00:00Let's just start with some of the performance of your Southern African business.
00:05What should investors be reading into the performance, especially considering at least here in South Africa, we've been seeing green shoots.
00:12What does this mean for the current stability that we're seeing in South Africa and potentially the performance of the bank moving forward?
00:22Thanks very much. Morning, Jennifer.
00:24I think just looking at our South African business, one is to see it in the context of the H1 of the prior year.
00:32In the prior year, our earnings were also buoyed by an increase in investment income, largely off a listed equity stock we held within our group investment portfolio in SA.
00:44So that aside, if we look at the underlying earnings drivers for the bank in South Africa across lending activity, deposit raising activity,
00:53funds under management in our wealth business, all of those are actually up year on year.
01:00In taking into account actual activity levels, we're comfortable that we're seeing good activity levels.
01:06We have also over the period seen a slight uptick in costs.
01:10Some of this relates to investment in some of the growth strategy we've spoken to the market about,
01:15including the corporate mid-market offering that we're taking two clients in a segment of between 30 million to one and a half billion rand of turnover.
01:22So a segment that we already have some footprint in that we intend accelerating our growth footprint over the next five years, both in South Africa and in the U.K.
01:35Kamesh, let's just stay in South Africa because there has been a bit of at least green shoots optimism for the direction of the economy.
01:43Do you do you sense that this is actually a meaningful turning point or what are you assessing at this point?
01:52Jennifer, I think if we look at the SA macros at the moment, we've actually shifted from I think 2024 was a year of positive sentiment.
02:012025, I think it can be more summed up about delivery and execution.
02:06And when I refer to that comment, what I'm really referring to is the fact that you can see tangibly an improvement in core economic fundamentals.
02:18The fact that we're entering a more benign inflation rate environment, that the monetary policy sort of medicine that the Reserve Bank has been administering has really taken effect in a positive way.
02:32Right. Inflation is under control. Yesterday, the MPC met and we obviously saw the first interest rate cut.
02:38And I think ultimately, over time, the consumer will benefit from lower lending rates, lower interest rates, as well as a lower inflation environment.
02:46So I think that's a core fundamental shift.
02:48The second has been the fact that we have come off the FATF grade list.
02:52The third would be that we've also got the positive rating from Standard & Poor's, that we've had ratings upgrade.

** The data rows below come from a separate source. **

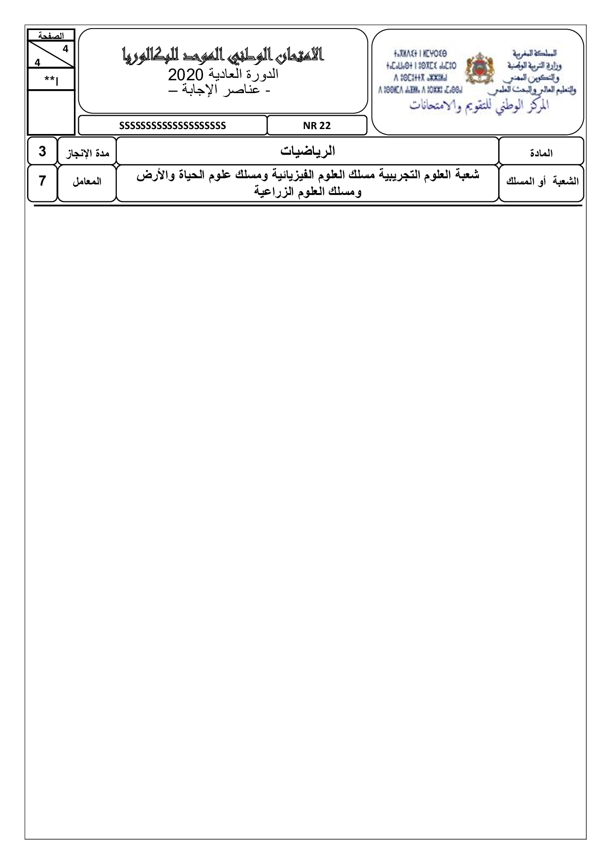 الرياضيات للشعب العلمية والتكنولوجية 2020 الدورة الإستدراكية - الموضوع
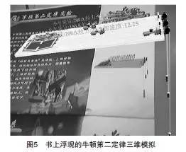蔡苏、宋倩和唐瑶[12]提出增强现实学习环境的架构,并基于此实现了一个增强现实概念演示书——未来之书。选取了中学物理中的单摆、牛顿第一定律、牛顿第二定律等实验进行虚实结合的展示,如图5所示。学习者只需通过简单的设备即能直观感受到平面书籍中所描述的实验场景,增强了学习者的兴趣。未来之书参展2010年第十七届北京国际图书博览会,获得好评。
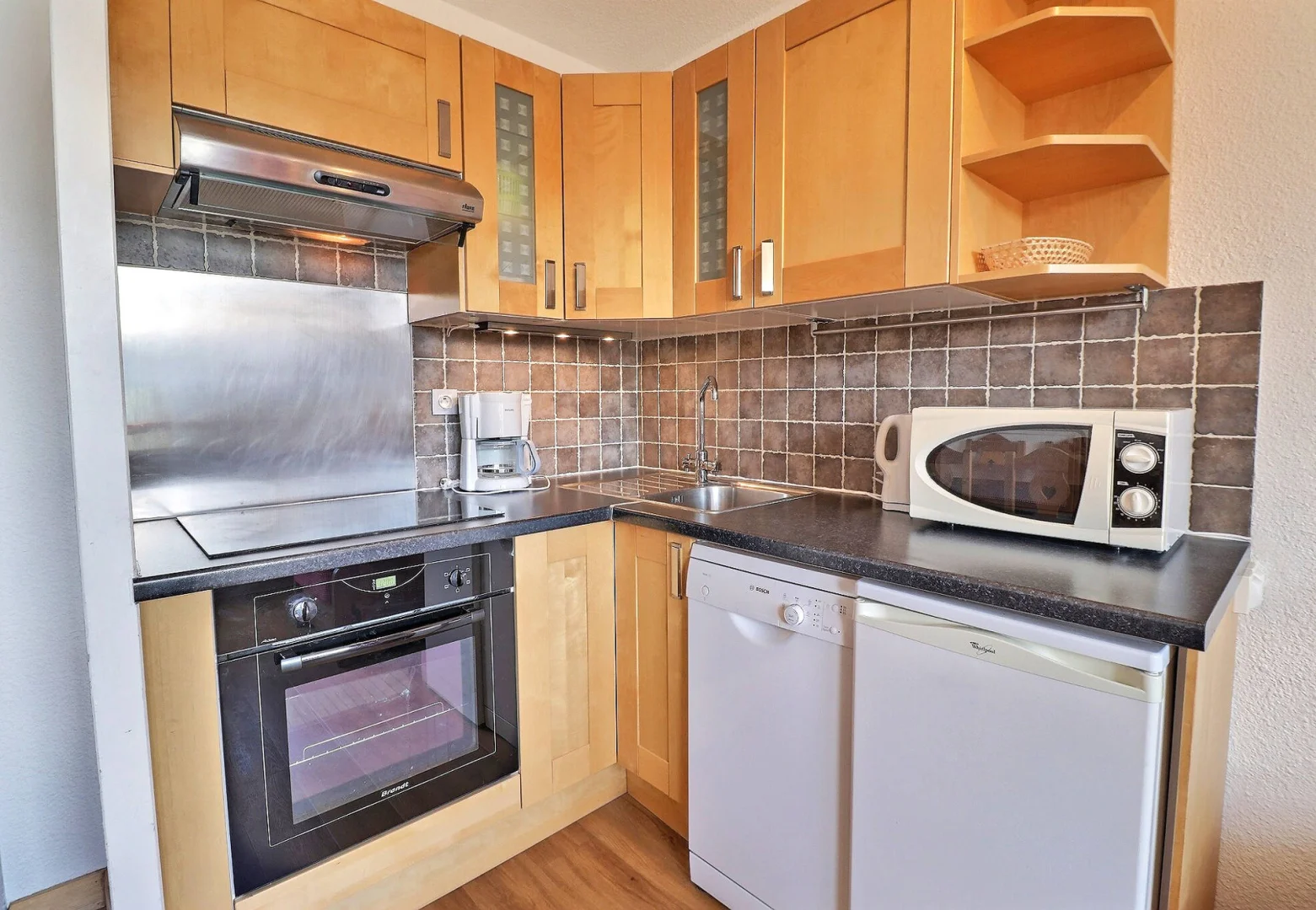 Kitchen corner: oven with micro-waves, fridge, dishwasher, 4 ceramic hobs, hood
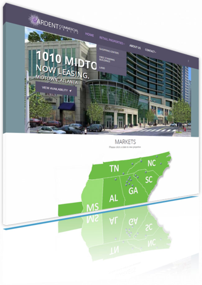 Ardent Commercial Realty needed to create a responsive website that would allow potential tenants to see available rental spaces, inquire, submit tenant requests , and learn more about ACR. Appeal Design wanted to ensure that the tenants on the go could also see a web experience for mobile as well as desktop. Visitors to the site can sort by geographic area and by site type. The robust CMS allows for tenants, shopping centers, and imagery to be updated as needed.
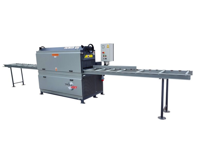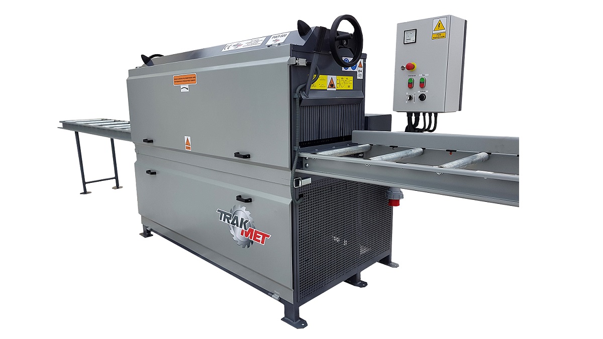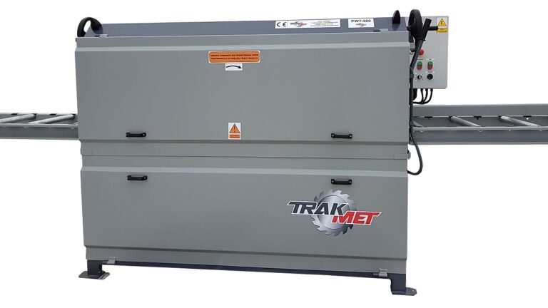Maszyna została wyposażona w podwójne walce posuwu (zarówno od strony podającej, jak i odbiorczej) oraz niezależne dociski górne na siłownikach gazowych, co zapewnia stabilne i płynne prowadzenie materiału – także w przypadku długich, ciężkich brusów oraz elementów o nierównej powierzchni (zafalowania, zgrubienia). Dzięki temu PWT-500 wyróżnia się niezawodnością i wysoką kulturą pracy w warunkach przemysłowych.

03:01And those are all showing the trajectory of some of the significant work that's been undertaken through the Presidential Structural Reform Programme under Operation Rulandlela.
03:10So I think there's been a key shift. The only thing I would add is that we really need to continue moving with speed in terms of some of these public-private partnerships
03:18to unlock the rail and port corridors to become really globally market competitive.
03:24Commissioner, let's just talk also about the G20. We've been reporting on sort of the public spat between the U.S. and South Africa.
03:32What's your concern here for how this could potentially derail any sort of consensus at the end of the summit?
03:40I think it is obviously significant. You've got one of the world's superpowers not attending.
03:46But with that said, Jennifer, I think the fact that I've attended a number of aligned events with the B20 aligned to the G20.
03:55And what's been clear to me has been a high level of engagement across a number of other countries, both Europe, UK, other countries in the East, China, India, et cetera,
04:07all of that highly engaged sets of debates, business-to-business engagement.
04:11And the idea that people are really talking and understanding that the concept of multilateralism as we currently know it is shifting,
04:24and the shift is to more bilateral relationships. That's unfortunate in many ways.
04:29But what you can see is governments adapting to the new normal.
04:34And I'd say looking through the noise, looking through the headlines,
04:37what we've certainly seen has been really good engagement, good traction with global counterparties on trade,
04:43on relationships, on international support.
04:46And one would hope that in time there would be some engagement with the U.S.
04:50to close out what's really been an unfortunate set of events.
04:55What would you say is perhaps the most important recommendation that should be carried forward with the U.S. taking over the G20?
05:03There have been some proposals for an overhaul of Basel III.
05:08Is that something that you as the CEO of a bank are looking closely at?
05:12I think it's really key that banks work off the same playing field internationally.
05:19And I think we're currently sitting in a situation where the U.S.'s approach to Basel III is different to Europe and UK in some respects.
05:27And if we could get a consensus view for global financial markets, for stability, for international trade and for competitiveness,
05:35it would be very, very helpful to have a level of consensus and also a level of capital requirement that allows particularly developing markets
05:45an easier access into the international trade flow.
05:50My concern would be that we sit in a situation where potentially emerging market financial institutions carry a heavier capital burden
06:00than some of their developed market counterparts.
06:03And that would be restrictive to trade, development and economic growth.
06:08And I think we're really does not require the case.